*EXERCISE PROMPT*.
Set down exactly the lines that run from the one containing "The Black Floral" to the end of the material below, both included, without pictures.

*PROVIDED DATA*.

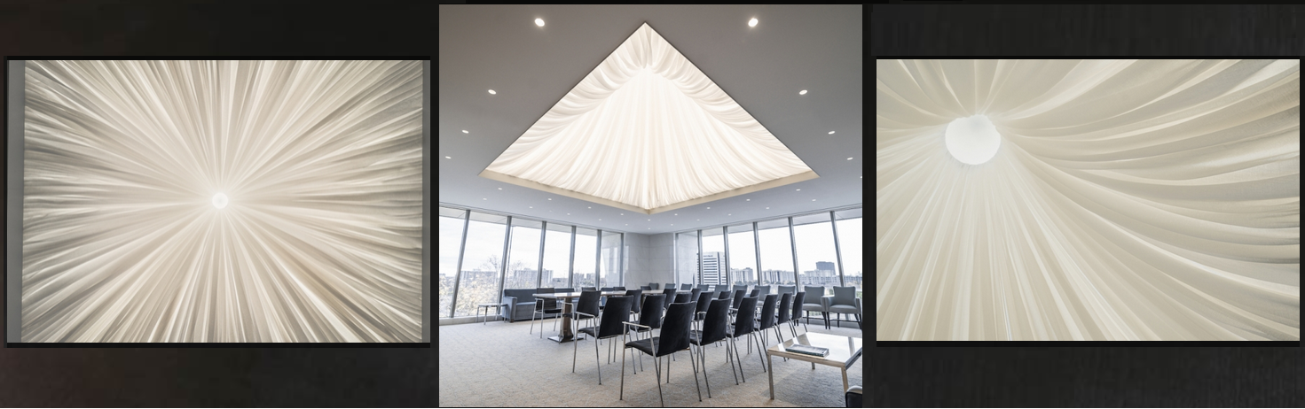 Eventscape also engineered, fabricated and installed the giant fabric funnel curtain. A beautiful translucent off-white fabric with an 500% gather was used to create this elegant focal feature. The 14 ft x 14 ft bottom rail and the top 12 inch diameter metal ring used custom adjustable mounting brackets to attach the fabric. Several prototypes were created prior to fabrication, to further define the ‘intangible’ elements of the design in collaboration with the architect, and to achieve the right combination of ‘loose and natural’ fabric drape while still maintaining the tight control of drape and gather required at the connection points.
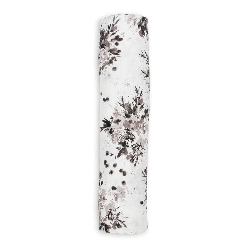 The Black Floral Swaddle was designed by Michigan-based artist and surface designer, Kelly Ventura. We love collaborating with artists and fell in love with her hand-painted prints of fresh florals and playful patterns.
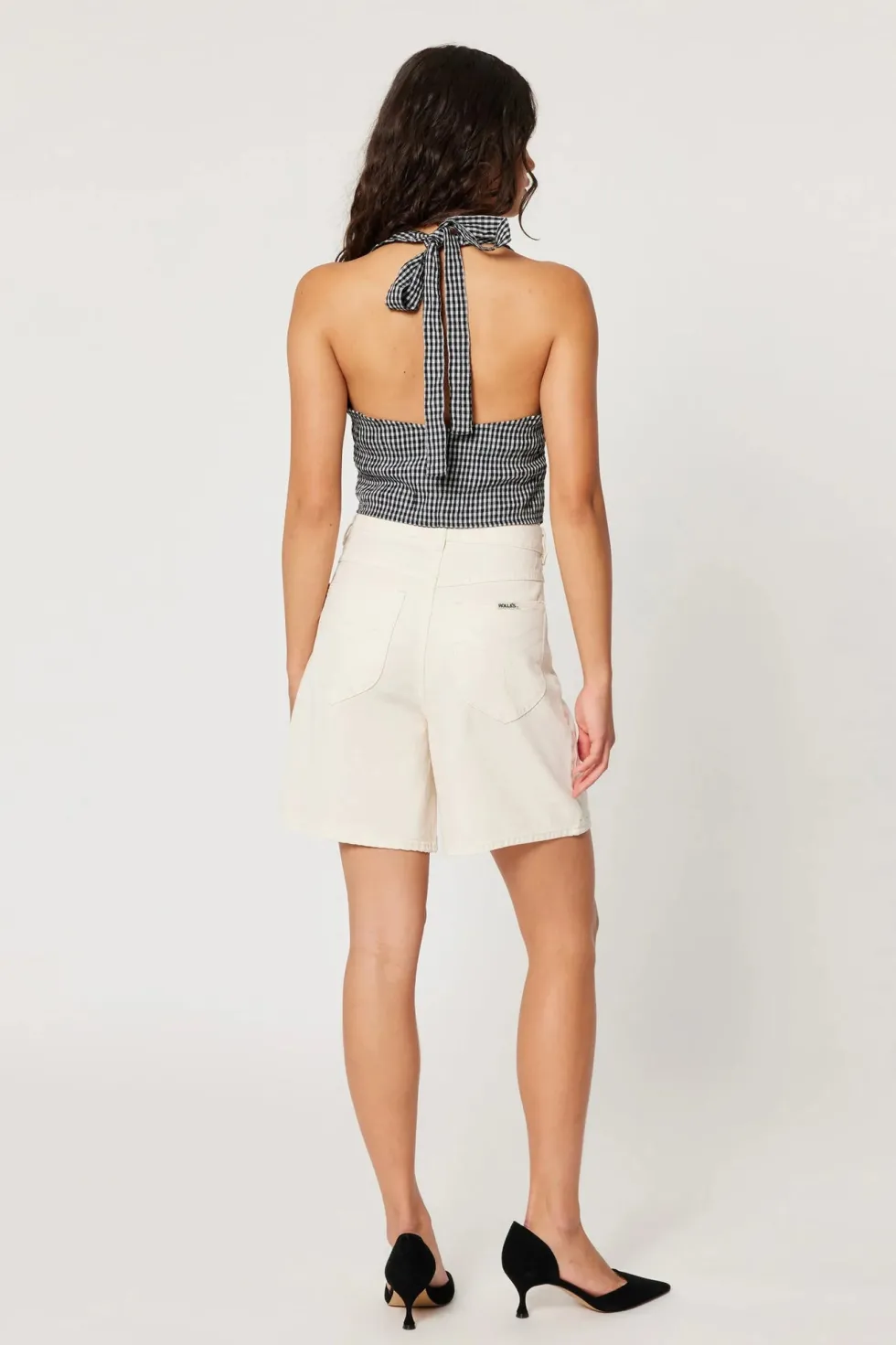 A high rise, mid-length denim short. Crafted in a soft hand feel lyocell / cotton blend.

*RESULT OF THE TASK*.
 The Black Floral Swaddle was designed by Michigan-based artist and surface designer, Kelly Ventura. We love collaborating with artists and fell in love with her hand-painted prints of fresh florals and playful patterns.
 A high rise, mid-length denim short. Crafted in a soft hand feel lyocell / cotton blend.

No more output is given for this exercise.